Iowa Senator Charles Grassley is among some farm state senators who are calling for investigations of beef packing companies following the surge in wholesale beef prices that led to extreme processing profit margins. Texas Congressman Mike Conaway told AgriTalk Tuesday he thinks a probe into packer profits is likely.
Cattlemen have complained that surging meat prices due to the COVID-19 crisis hoarding did not translate into higher cattle prices.
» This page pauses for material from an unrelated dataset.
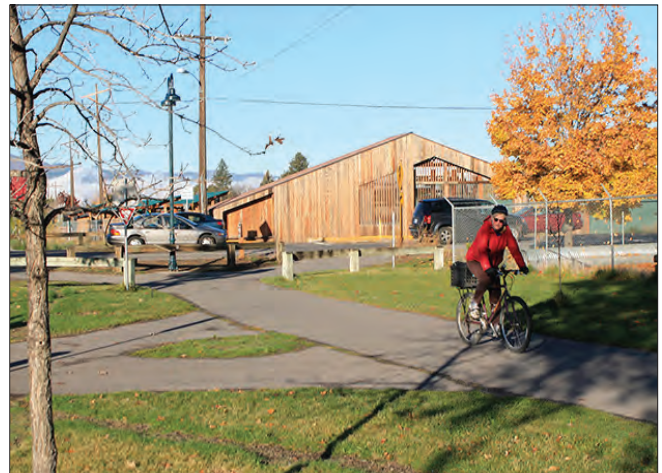
the Milwaukee Trail is a major attraction in the study area

During the crisis, CME futures prices plunged lower along with the stock market, but wholesale beef prices rose 22% to a peak near $257 per cwt.
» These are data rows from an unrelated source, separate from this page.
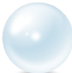
Glass Pearl filter media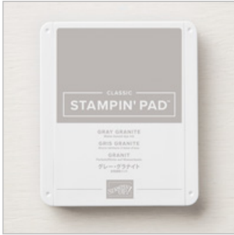
Gray Granite Classic Stampin' Pad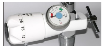
Pin Index version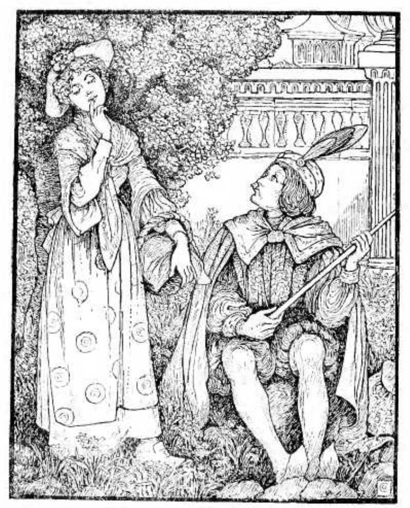
"Indeed," said the Duke, "I should not have thought you so very pretty." [Vain Kesta, p. 43.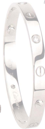
Cartier white-gold love bracelet From $4,200; Cartier, Americana Manhasset, 516-627-3200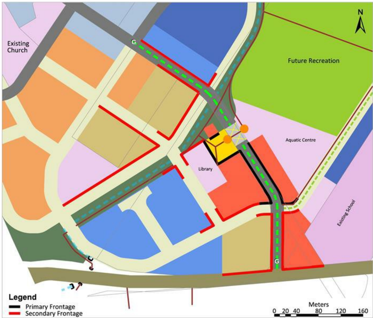
Figure 7-4: Residential Mixed-Use – Location of Retail Frontages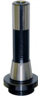
M190 Boring Head Shank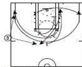
(T: 14.4; -5)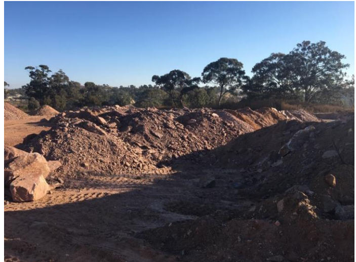
Figure 4. Stockpiled SPP ore ready for shipment

Since the quarters end West Wits announced it has executed a term sheet with Sibanye Gold Limited (“Sibanye”) for the processing of reef material through the Ezulwini Gold Process Plant. Under the agreement West Wits will truck ore from SPP to the nearby Ezulwini plant approx. 40kms away. The Company was delighted with the outcome as it had assessed a number of proposals. Whilst it has taken a number of months to be executed, to now have a company of Sibanye’s industry standing processing West Wits ore is an excellent result.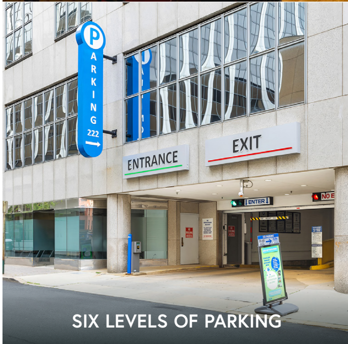
SIX LEVELS OF PARKING

The combination of peak wholesale prices and lower cash cattle prices saw estimated packer margins at $510 per head the week ending March 20, and climbing to $555 per head the week ending March 27, according to the Sterling Beef Profit Tracker.
Senator Grassley wrote on Twitter that U.S. Department of Agriculture, Department of Justice and Commodity Futures Trading Commission probes may be needed to determine why ranchers did not benefit from soaring meat demand.
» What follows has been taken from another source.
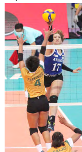
Ateneo VS FEU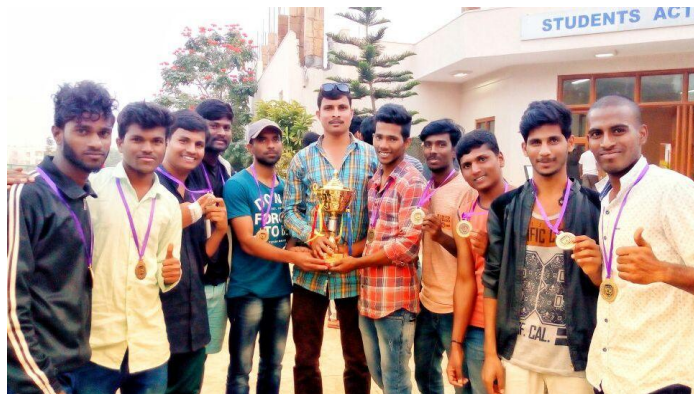
SAKSHI KABADDI TOURNAMENT WINNERS'18

"Beef is flying off grocery shelves but farmers are seeing prices go down," Grassley said. "If packers are illegally manipulating markets during crisis, we need USDA & DOJ & CFTC to investigate + help farmers. Four companies control 80% of market & they're taking advantage."
Four U.S. Senators from South Dakota, North Dakota and Montana sent a letter to the Justice Department calling for a price-fixing investigation, according to a Reuters report.
In an AgriTalk interview with host Chip Flory on Tuesday, Conaway, representing Texas’ 11th district, said he believes there will be an investigation.
“We've got a regulatory scheme in place that is constantly looking for this issue,” Conaway said. “Some of this disruption is generally new. I mean, Americans got 54% of their food through restaurants before this event. And now that has switched. Grocery stores are buying more meat and restaurants are buying less meat. How the distribution system reacts to that, in the short-term, maybe part of what’s going on.”
Reuters reported Cargill said it is a committed buyer in the cash market for cattle, and Tyson said it wants cattle producers to succeed and paid them a premium last week.
"This is an uncertain and unprecedented time, where food service beef demand has come to an immediate and virtual standstill, while retail demand has increased," Tyson told Reuters.
Congressman Conaway told AgriTalk, “My guess is that when the smoke clears, there will be another investigation. But, right now there’s not much we can do that's going to satisfy anybody in the short-term. What we need to make sure of is that cattlemen are growing cattle and the processors are still processing meat and getting it to the grocery store so we can feed America while we fight this fight against coronavirus.”
Last summer, USDA launched an investigation of potential price manipulation in the wake of the fire at Tyson's Holcomb, Kans. processing facility. That investigation is still under review.